Laura lasciò che il cameriere sparecchiasse, si inumidì le labbra con il vino frizzante, si asciugò la bocca nel tovagliolo e appoggiò le spalle alla sedia. «È venuta da noi una donna che dice di sapere chi è la morta della roggia di Sanpietro».
«È sospetta?»
«Ma no, te l’ho detto. Voleva conoscere Gilardi, l’aveva visto in televisione qualche sera fa a Porta a Porta per il processo Sebastiani-Menconi, ne fanno un gran parlare. Ci ha detto di conoscere quella donna, lei sa chi è».
«E chi è?»
«Te lo faccio dire da lei…» Gli raccontò dell’incontro con Beatrice Longoni in studio, delle sue chiacchiere e dell’atteggiamento di Gilardi. Di lei che l’aveva accompagnata a casa, per farla parlare.
«Napoletana?»
«No, di Sondello. Il terremoto le ha distrutto la casa, lei e la figlia sono vive per miracolo, ripescate tra le macerie. Invece di star lì ad aspettare che le dessero una casetta nuova, dopo mesi passati in tenda a dare una mano a quelli che ne avevano bisogno, ha raccolto le poche cose che le erano rimaste ed è arrivata a Napoli, un po’ a piedi e un po’ con mezzi di fortuna. Lei che era stata operaia di un cotonificio distrutto ha imparato a pulire. E appena arrivata ha avuto la fortuna di trovare, nella zona bassa del mercato, dove era andata a cercare un tetto, una casa di tre piani, sette inquilini, che cercavano una donna: per le parti in comune e per qualcuno dei loro appartamenti. Con due localini all’ultimo piano, vuoti. Così in un colpo solo ha trovato casa e lavoro. È una donna sveglia. Ora la figlia non vuole continuare a studiare, preferirebbe lavorare e tornare al paese, non importa se ci sono ancora le macerie e forse non avrà una casa. Forse la ragazza al paese ha lasciato un pezzetto di cuore». E gli sorrise.
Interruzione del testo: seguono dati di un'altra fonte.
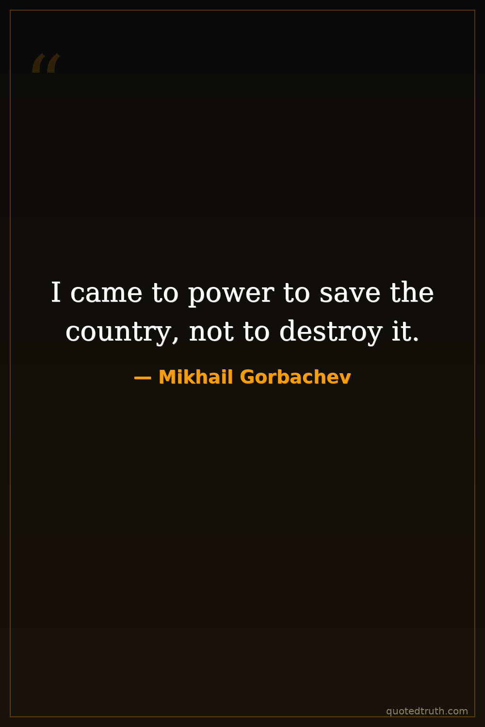 I came to power to save the country, not to destroy it.

«E la donna della roggia?»
Tra una fragola e l’altra e un sorso di vino bianco frizzante, gli raccontò quello che Beatrice Longoni le aveva detto a proposito di quel cadavere. «Ha opposto molta resistenza, ma sono riuscita a convincerla: parlerà con te. Poiché non sembrava darsi pace che io non fossi pazzamente innamorata di Gilardi, le ho detto che sono pazzamente innamorata di te, che siamo stati fidanzati». Le riuscì di ridere. «Ha funzionato, ora ha accettato di parlarti».
«Me la porti in Questura domattina dopo le nove?»
«Lavora… come te la porto? Devi aspettare sabato pomeriggio che è a casa».
«Ma da voi è venuta!»
«Ma tu non sei affascinante come Massimo Gilardi. O sì?»